THE DATA section start

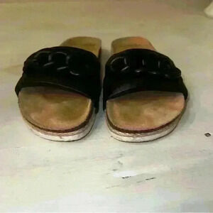 Chunky chain links bring a bold aesthetic to a staple slide sandal set upon a dual-layer cushioned footbed to bring plush comfort to every step.
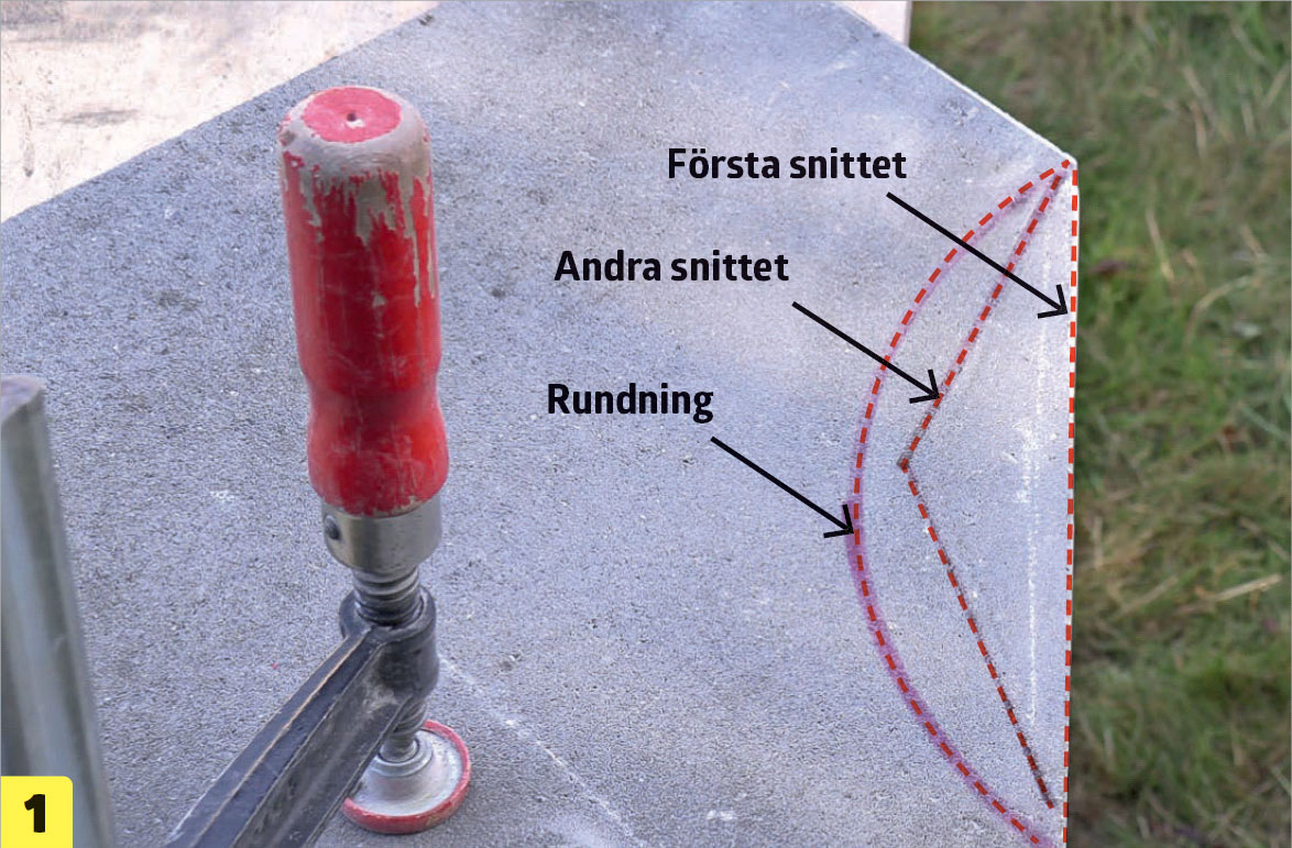 Till det rundade snittet måste vinkelslipen kunna komma in från sidan. Plattan måste därför spännas fast ordentligt på ett bord, en hyvelbänk eller liknande.
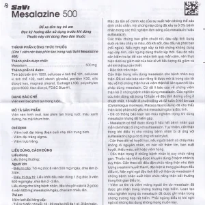 Thuốc Mesalazine 500mg SaviPharm điều trị viêm loét đại tràng (10 vỉ x 10 viên)

THE DATA section end

WHAT TO PRODUCE =
Copy all the material word for word, minus its pictures.

RESULT OF THE TASK =
 Chunky chain links bring a bold aesthetic to a staple slide sandal set upon a dual-layer cushioned footbed to bring plush comfort to every step.
 Till det rundade snittet måste vinkelslipen kunna komma in från sidan. Plattan måste därför spännas fast ordentligt på ett bord, en hyvelbänk eller liknande.
 Thuốc Mesalazine 500mg SaviPharm điều trị viêm loét đại tràng (10 vỉ x 10 viên)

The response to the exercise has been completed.